+++ Provided records

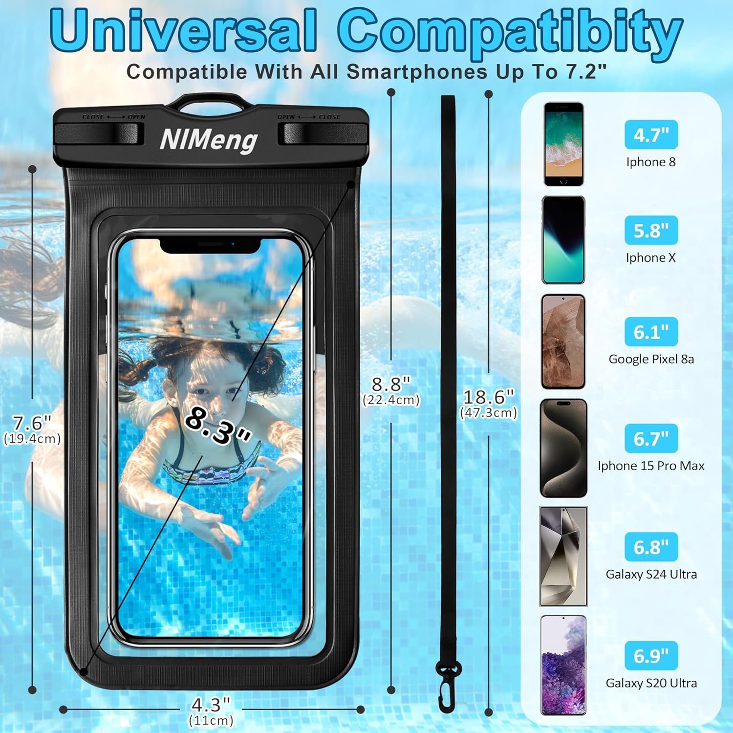 Waterproof phone Pouch Capacity: It can accommodate not only a phone but also an ID card, credit cards, cash, and keys. Dimensions: 8.2 inches x 4.5 inches, compatible with phones up to 7.2 inches; ideal waterproof phone protection bag for Apple iPhone, Samsung, and phones up to 7.2 inches.
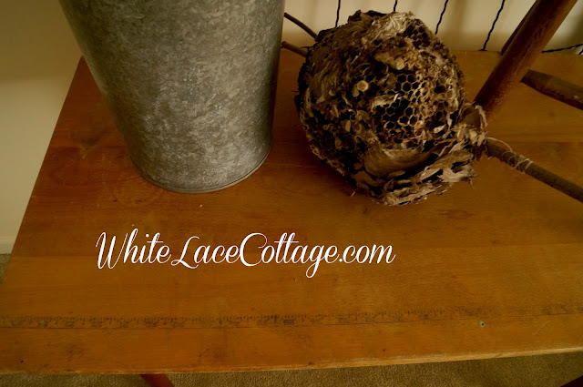 Can you see the measure on the table? I really love that and I don’t think I could paint it! And yes that is a paper nest.I found that at a yard sale today.They had five of these! I bought three and my friend bought one.I am selling one for now.I really hate these on my house.But they are quite beautiful! And fits in with my nature theme.I know Mr. Cottage is going to think I have gone crazy!!!
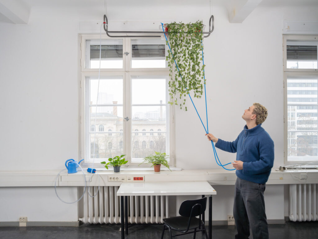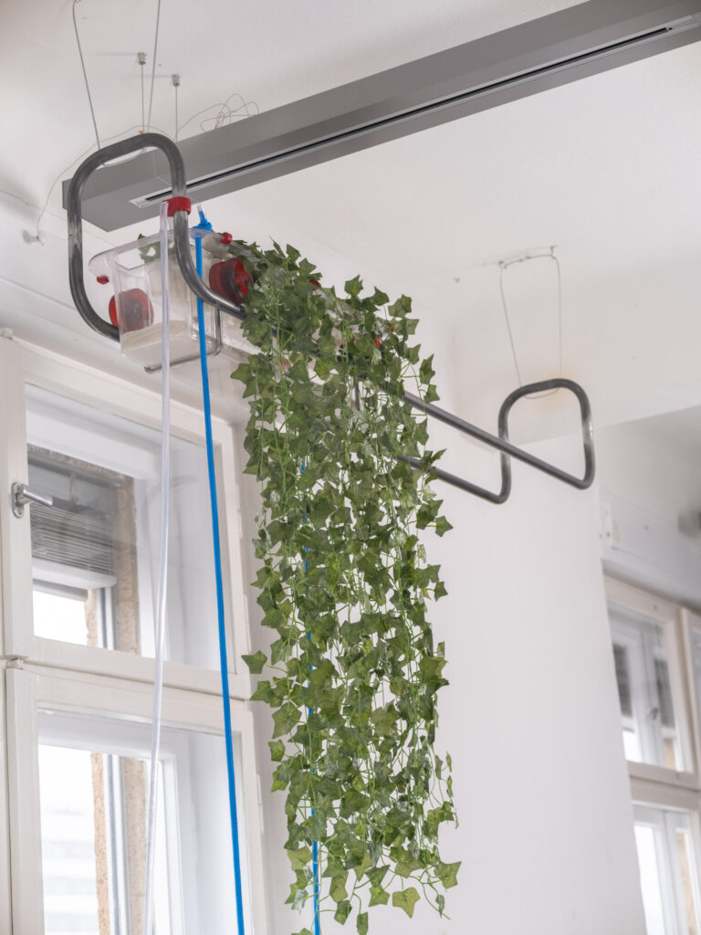 Mit ROOT.INE kannst du dir nicht nur einen Pflanzenvorhang selbst wachsen lassen, sondern zudem ein tägliches Ritual der Entschleunigung schaffen. Statt versteckter Automatik fordert dieses schienengeführte System deine volle Präsenz: Über eine manuelle Handpumpe begleitest du das Wasser nach oben zu den sichtbaren Wurzeln im transparenten Kasten.
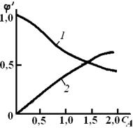 Очевидно, что φ' может быть как возрастающей, так и убывающей функцией от концентрации. Определим характер функции φ'(сА) по знаку первой производной:
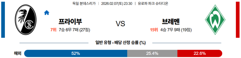 가장 합리적인 선택은 『SC 프라이부르크 승』이며, 안전하게 수익을 내기 위해 『프라이부르크 마핸 승 (-0.5)』을 강력 추천한다. 브레멘의 실점률을 고려해 『2.5 기준 오버』를 공략하는 것이 현명하다.
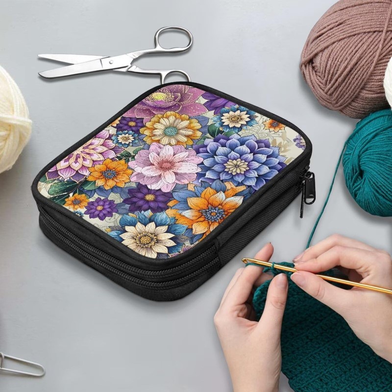 YUVAMAGIMO Blossom Flower Crochet Hooks Organizer Zipper Bag with Mesh Pocket Portable Travel Crochet Hook Storage Bag for Crochet Supplies Knitting Accessories for Women
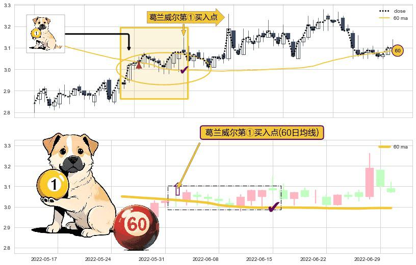 形态多维评估: ⚀ 2022-06-01-日显现 葛兰威尔均线 60日均线 第买①入点 走势反转见底信号,后市看涨,买进信号
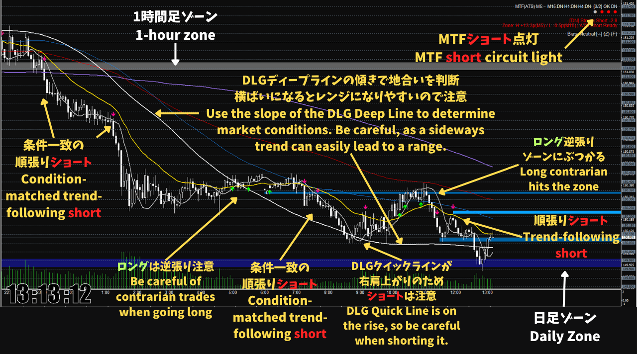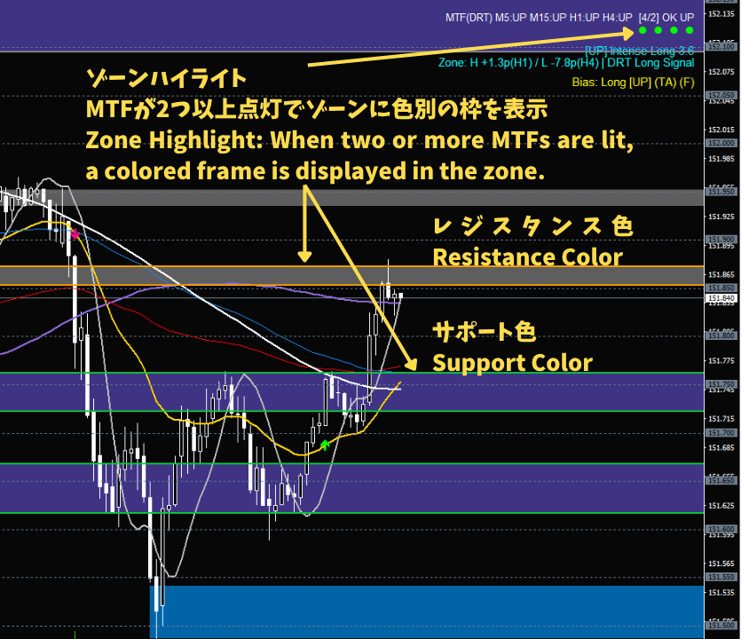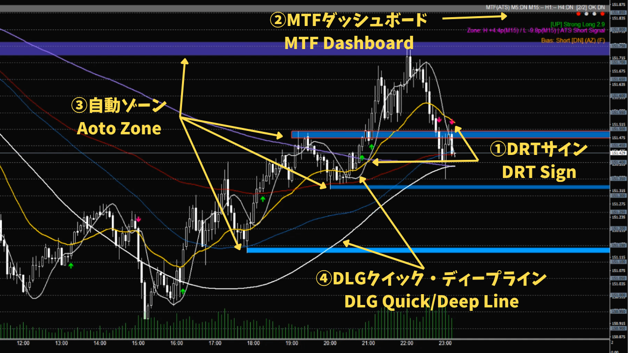 ①サイン(矢印)を起点に、②MTF(マルチタイムフレーム)一致、③自動ゾーン距離、④DLGラインといった機能が同じ方向のときだけエントリーを狙います。

++++++

- Work item: Every line of the material above should be repeated exactly, except for the pictures.

- Solution for this exercise:
 Waterproof phone Pouch Capacity: It can accommodate not only a phone but also an ID card, credit cards, cash, and keys. Dimensions: 8.2 inches x 4.5 inches, compatible with phones up to 7.2 inches; ideal waterproof phone protection bag for Apple iPhone, Samsung, and phones up to 7.2 inches.
 Can you see the measure on the table? I really love that and I don’t think I could paint it! And yes that is a paper nest.I found that at a yard sale today.They had five of these! I bought three and my friend bought one.I am selling one for now.I really hate these on my house.But they are quite beautiful! And fits in with my nature theme.I know Mr. Cottage is going to think I have gone crazy!!!
 Mit ROOT.INE kannst du dir nicht nur einen Pflanzenvorhang selbst wachsen lassen, sondern zudem ein tägliches Ritual der Entschleunigung schaffen. Statt versteckter Automatik fordert dieses schienengeführte System deine volle Präsenz: Über eine manuelle Handpumpe begleitest du das Wasser nach oben zu den sichtbaren Wurzeln im transparenten Kasten.
 Очевидно, что φ' может быть как возрастающей, так и убывающей функцией от концентрации. Определим характер функции φ'(сА) по знаку первой производной:
 가장 합리적인 선택은 『SC 프라이부르크 승』이며, 안전하게 수익을 내기 위해 『프라이부르크 마핸 승 (-0.5)』을 강력 추천한다. 브레멘의 실점률을 고려해 『2.5 기준 오버』를 공략하는 것이 현명하다.
 YUVAMAGIMO Blossom Flower Crochet Hooks Organizer Zipper Bag with Mesh Pocket Portable Travel Crochet Hook Storage Bag for Crochet Supplies Knitting Accessories for Women
 形态多维评估: ⚀ 2022-06-01-日显现 葛兰威尔均线 60日均线 第买①入点 走势反转见底信号,后市看涨,买进信号
 ①サイン(矢印)を起点に、②MTF(マルチタイムフレーム)一致、③自動ゾーン距離、④DLGラインといった機能が同じ方向のときだけエントリーを狙います。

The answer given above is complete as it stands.